Le jeu de données LFW se compose de 13 323 photos de plus de 5 000 célébrités qui sont ensuite divisées en 6 000 paires de visage sur 10 partitions. 

Jeux de données YTF

Le jeu de données YTF se compose de 3 425 vidéos de 1 595 sujets, et il s’agit d’un sous-ensemble des célébrités du jeu de données LFW. 

Résultats

Sans frontalisation et en utilisant uniquement l’alignement 2D, le modèle atteint un score de précision d’environ 94,3 %. Lorsque le modèle utilise le centre de la culture de détection, il n’utilise pas d’alignement, et dans ce cas, le modèle retourne un score de précision de 87,9 % car certaines parties de la région faciale peuvent tomber en dehors du centre de la culture.

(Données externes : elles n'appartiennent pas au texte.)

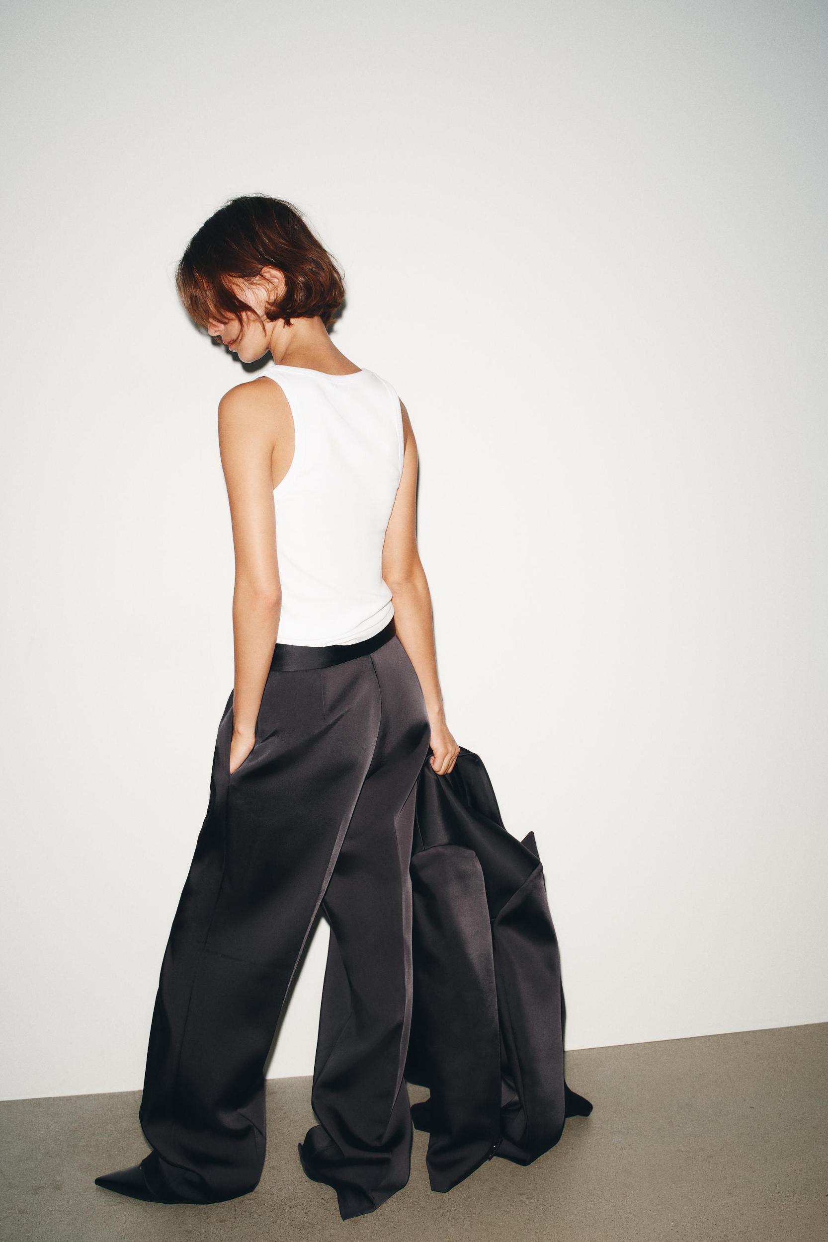 PLEATED SATIN HIGH-WAISTED PANTS

Pour évaluer la capacité discriminative de la représentation de visage en isolation, le modèle suit le cadre d’apprentissage non supervisé pour comparer le produit scalaire des fonctionnalités normalisées. Il améliore la précision moyenne du modèle à 95,92 % 

Le modèle ci-dessus compare les performances du modèle DeepFace par rapport aux autres modèles de reconnaissance faciale de pointe. 

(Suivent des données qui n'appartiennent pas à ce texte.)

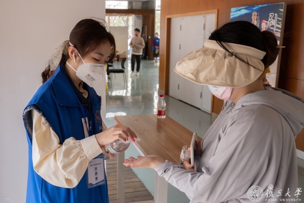 身穿复旦蓝的青年志愿者举着喇叭,引导着做核酸的人保持安全距离,扫码、检测。一抹中国红,穿梭在宿舍楼之间:党员服务队的脚步从未停歇。

L’image ci-dessus représente les courbes ROC sur le jeu de données. 

Conclusion

Idéalement, un classificateur de visage devrait être capable de reconnaître les visages avec la précision d’un humain, et il devrait être capable de retourner une précision élevée quelle que soit la qualité de l’image, la pose, l’expression ou l’éclairage. De plus, un cadre de reconnaissance faciale idéal devrait être capable d’être appliqué à une variété d’applications avec peu ou pas de modifications. Bien que DeepFace soit l’un des cadres de reconnaissance faciale les plus avancés et les plus efficaces actuellement, il n’est pas parfait, et il peut ne pas être capable de fournir des résultats précis dans certaines situations. Mais le cadre DeepFace est un jalon important dans l’industrie de la reconnaissance faciale, et il comble l’écart de performance en utilisant une technique d’apprentissage de métrique puissante, et il continuera à devenir plus efficace avec le temps. 

Un ingénieur de profession, un écrivain de cœur. Kunal est un rédacteur technique avec une profonde affection et une compréhension de l'IA et du ML, dédié à simplifier les concepts complexes dans ces domaines grâce à sa documentation engageante et informative.